Von Dieter Nürnberger | 07.09.2016
    Ein Arzt hält Tabletten in der Hand.
    Teuer, aber wirkungslos? Eine Studie der Techniker Krankenkasse macht diese Tendenz bei neuen Medikamenten zum wiederholten Mal aus. (imago/STPP)
    Die meisten der 23 neuen Medikamente sind onkologische Präparate, sie werden bei der Krebsbehandlung eingesetzt. Doch bringen sie dem Patienten auch wirklich einen Durchbruch bei der Therapie?
    Die Techniker Krankenkasse spricht lediglich von einem fraglichen Mehrwert. In Zusammenarbeit mit dem Socium-Forschungszentrum an der Uni Bremen gab sie heute den vierten Innovationsreport heraus. Das Ergebnis deckt sich mit den Erfahrungen der vergangenen Jahre: Einen messbaren Zusatznutzen - im Vergleich zu schon vorhandenen Medikamenten - konnten die Forscher nur bei 10 der 23 Präparate feststellen. Fakt hingegen sei, dass die Kosten für die Kassen dadurch überproportional anstiegen, so Jens Baas, Vorstandschef der Techniker Krankenkasse:
    "Die Qualität der Wirkstoffe ist ungefähr gleich gut beziehungsweise gleich nicht gut. Aber die Ausgabenwirksamkeit ist doppelt so hoch. Die Kosten für eine einzelne Wirkstoffverschreibung sind von bisher rund 700 Euro auf nun 1.400 Euro gestiegen. In der Summe geben allein wir jährlich rund 50 Millionen Euro nur für diese Medikamente aus."
    Keine Pluspunkte in der Bewertung
    Ein Zusatznutzen wäre beispielsweise die Möglichkeit, mit dem neuen Präparat erstmals ein Leiden medikamentös zu behandeln. Aber auch eine bessere Verträglichkeit, bessere Therapie-Ergebnisse oder ein deutlich günstigerer Preis brächten Pluspunkte in der Bewertung.

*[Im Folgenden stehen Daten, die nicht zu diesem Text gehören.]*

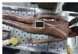
Figure 3. Demonstration of multiple abrasions and contusions on posterior body surface with X-incision.
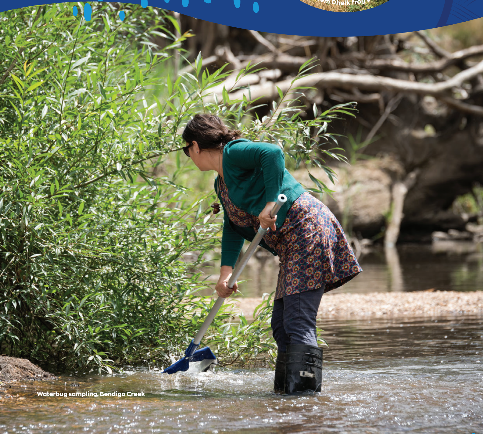
Waterbug sampling, Bendigo Creek
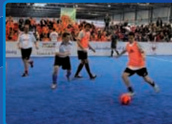
CHARITIES & EVENTS

SPORTAINMENT GROUP GMBH • INFANTERIESTR. 19 / HAUS 5 • 80797 MÜNCHEN • GERMANY
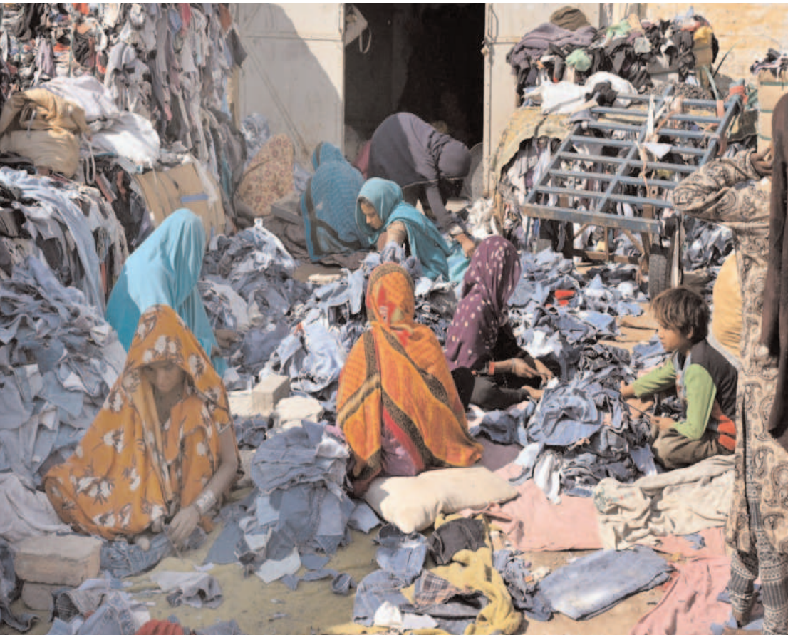
HYDERABAD: Women workers sorting old clothes at their work place site area.
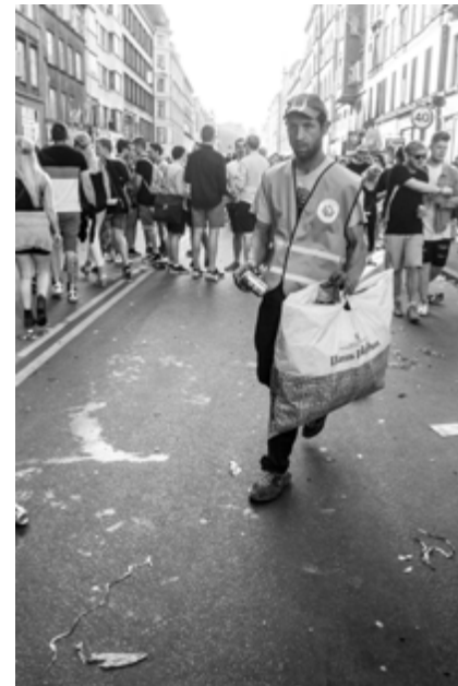
<-- Distortion 21. Copenhagen, Denmark. 2015 --> Distortion 54. Copenhagen, Denmark. 2016
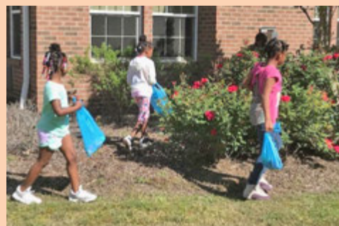
Looking for treats!
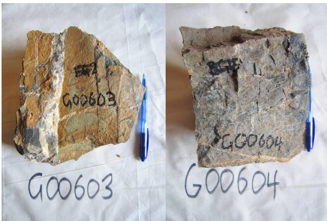
Samples G00603 and G00604: Dolomite from gravity anomaly area.
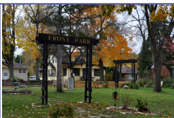
Frost Park Memorial to Dr. Edwin Frost
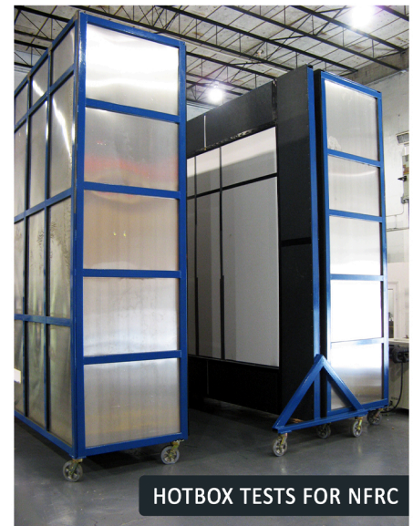
HOTBOX TESTS FOR NFRC
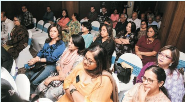
A close view attending Rotarians
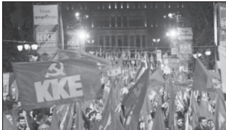
KKE banners at a rally in Syntagma Square outside the Greek Parliament in Athens

The GS of the CC of the KKE, in reference of the government's dilemma, "anti-people agreement, i.e. memorandum, or Grexit,"
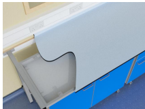
Laboratory mobile units in T frame laboratory support system with Trespa Toplab base worktop
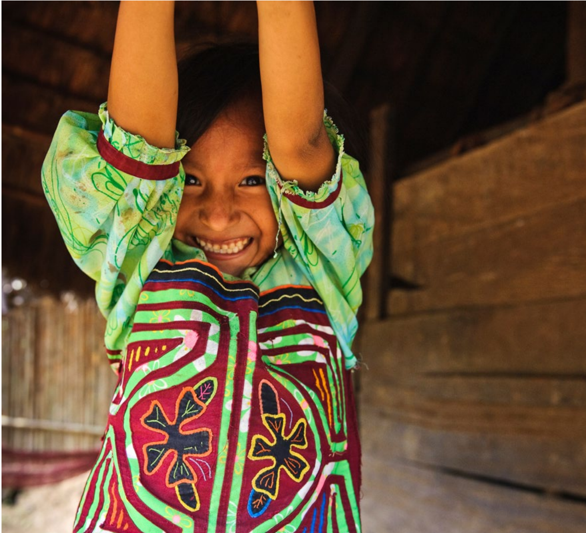
A child plays in Colombia.
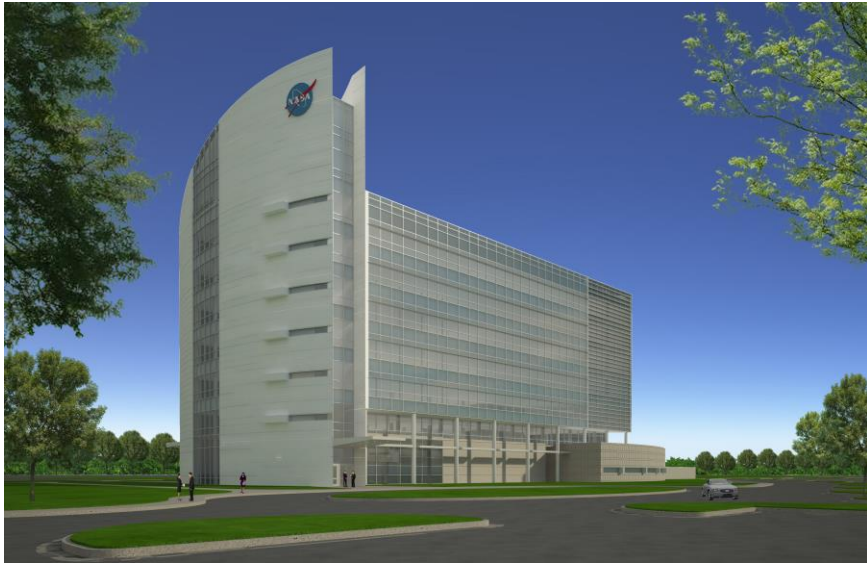
New NASA HQ at KSC A $400 Million Saving over 40 years
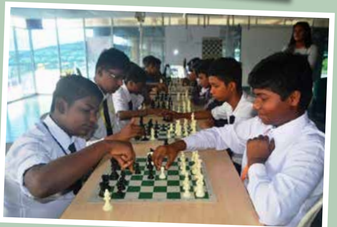
“Myskills Chess Tournament 2015”
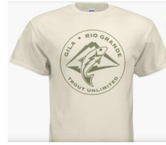
Green logo on ivory

GRG-TU Logo T-shirts to support local trout restoration and conservation efforts.
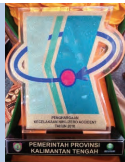
Zero Accident Award received from the Governor of Central Kalimantan province.
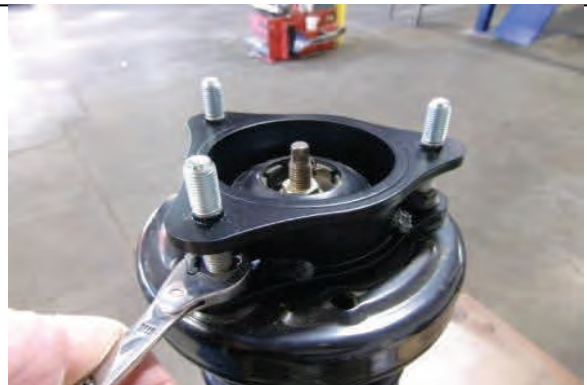
Install new strut extension with OE hardware and tighten.
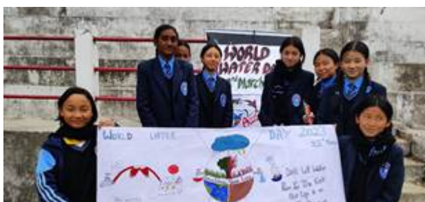
ECO Clubs at schools teaching their peers, school staff, parents & the community about environmental issues through club activities
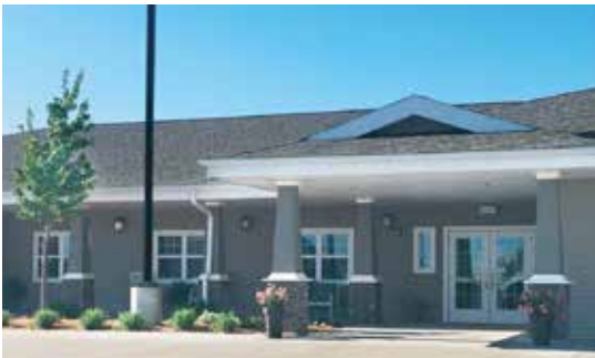
Windsor Manor – Nevada, IA

608 S 15th St. Indianola, IA 50125 515-961-8900
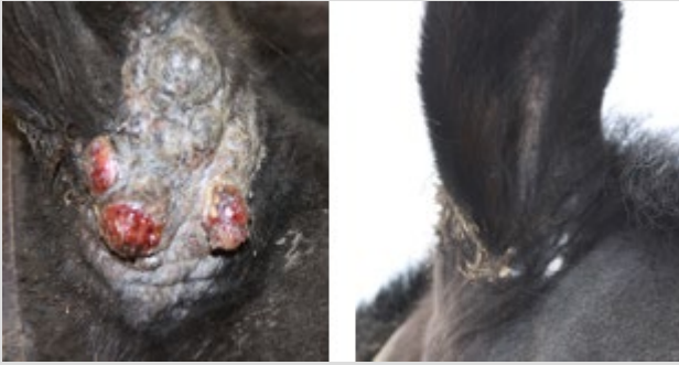
“Aida” – 17yo Thoroughbred with multiple sarcoids at base of ear. -Immunocidin Equine infused four times
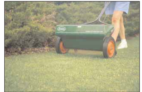
Figure 4. Drop-type spreaders allow precise placement of insecticide granules.

walks. Drop-type spreaders are less likely to scatter pesticide granules off of the target site than are rotary-type spreaders (Figure 4). Pesticide runoff from improper pesticide applications reduces the effectiveness of a treatment and can pollute above-ground and underground water supplies.
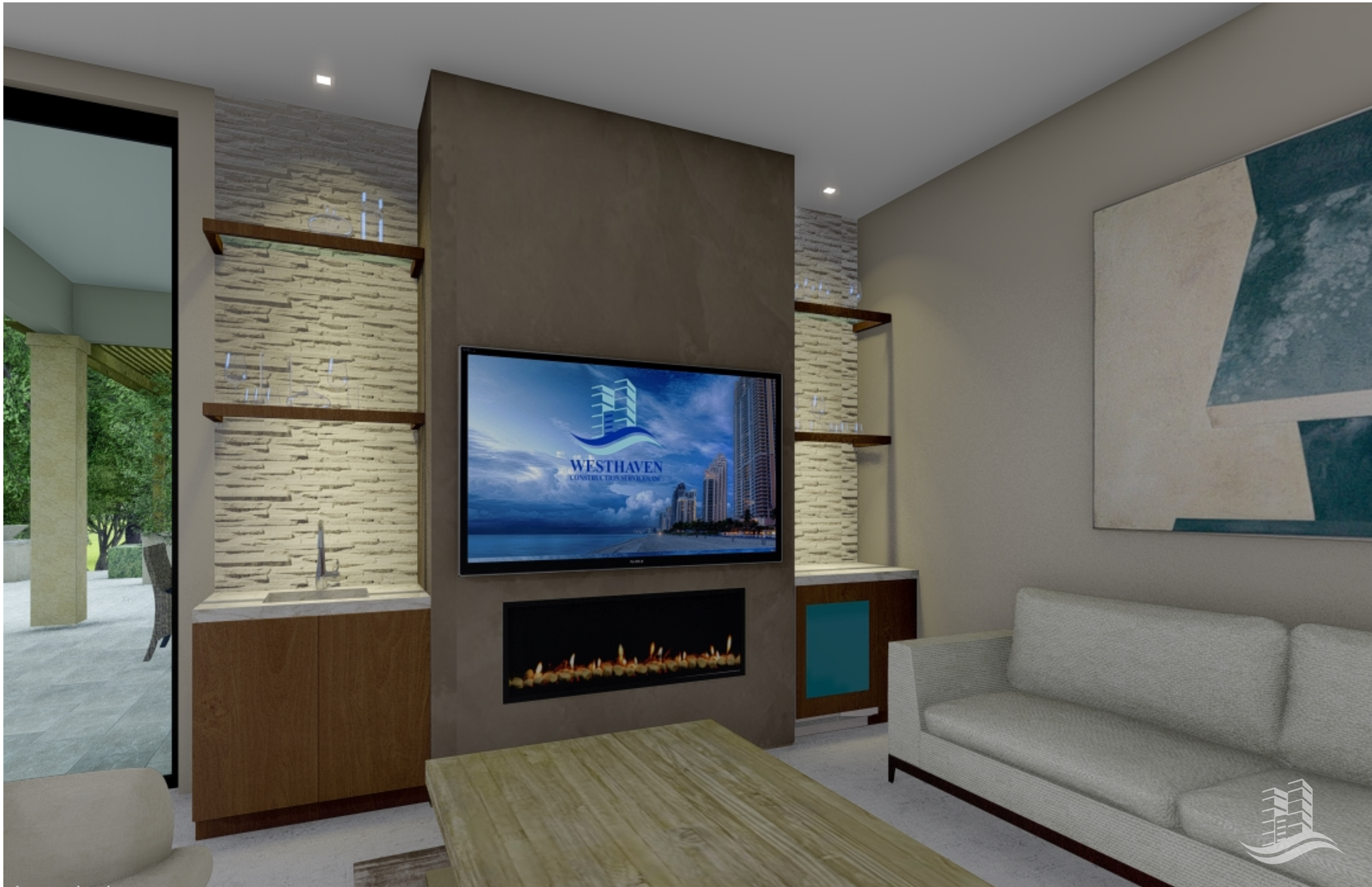
GREAT ROOM FIREPLACE

    Petra Thürmann ist Direktorin des Philipp-Klee-Instituts für klinische Pharmakologie in Wuppertal. Sie sieht seit Jahren eine bestimmte Tendenz in der Forschung. Es gehe leider nicht um die Entwicklung von Medikamenten, die vor allem die "Volkskrankheiten" wie Bluthochdruck, Diabetes, Depressionen oder Rückleiden in Angriff nehmen würden:
    "Vielen älteren Herrschaften mit Rückenschmerzen oder Kniegelenks-Arthrose können wir nur Medikamente geben, die ihnen den Magen ruinieren oder ein erhöhtes Herz-Kreislauf-Risiko bescheren. Da ist wirklich nichts in dieser Richtung dazu gekommen."
    Experten warnen vor weiteren Kostenexplosionen
    Anhand dieser Entwicklung warnen Experten nun vor weiteren, künftigen Kostenexplosionen. Schon in rund 4 Jahren, sagt Wolf-Dieter Ludwig, Vorstandsvorsitzender der Arzneimittelkommission der Deutschen Ärzteschaft, würden neuartige Wirkstoffkombinationen den Markt in der Krebstherapie dominieren. Jährliche Medikamentenkosten von bis 200.000 Euro pro Jahr und Patient seien zu erwarten:
    "Dann wird unser solidarisch finanziertes Gesundheitssystem wirklich gemelkt. Das wäre kein großes Problem, wenn sich die Preise dafür tatsächlich am Nutzen orientieren würden. Aber selbst die Industrie gibt ja inzwischen zu, dass das nicht der Fall ist. Der Preis orientiert sich in erster Linie an dem, was der Markt bereit ist zu zahlen."
    Die Pharmaindustrie wies Vorwürfe an ihrer Preispolitik heute umgehend zurück - der Arzneimittelverband vfa warf den Autoren der Studie eine unzulässige Pauschalierung vor.
    Wolf-Dieter Ludwig von der Deutschen Ärzteschaft verweist hingegen auf das Arzneimittelmarkt-Neuordnungsgesetz von 2011. Es sollte eigentlich überproportionale Kostenanstiege bei Medikamenten begrenzen. Das Gesetz sei sinnvoll, sagt Ludwig, die Politik müsse aber nachbessern, damit es verlässlicher wirken könne.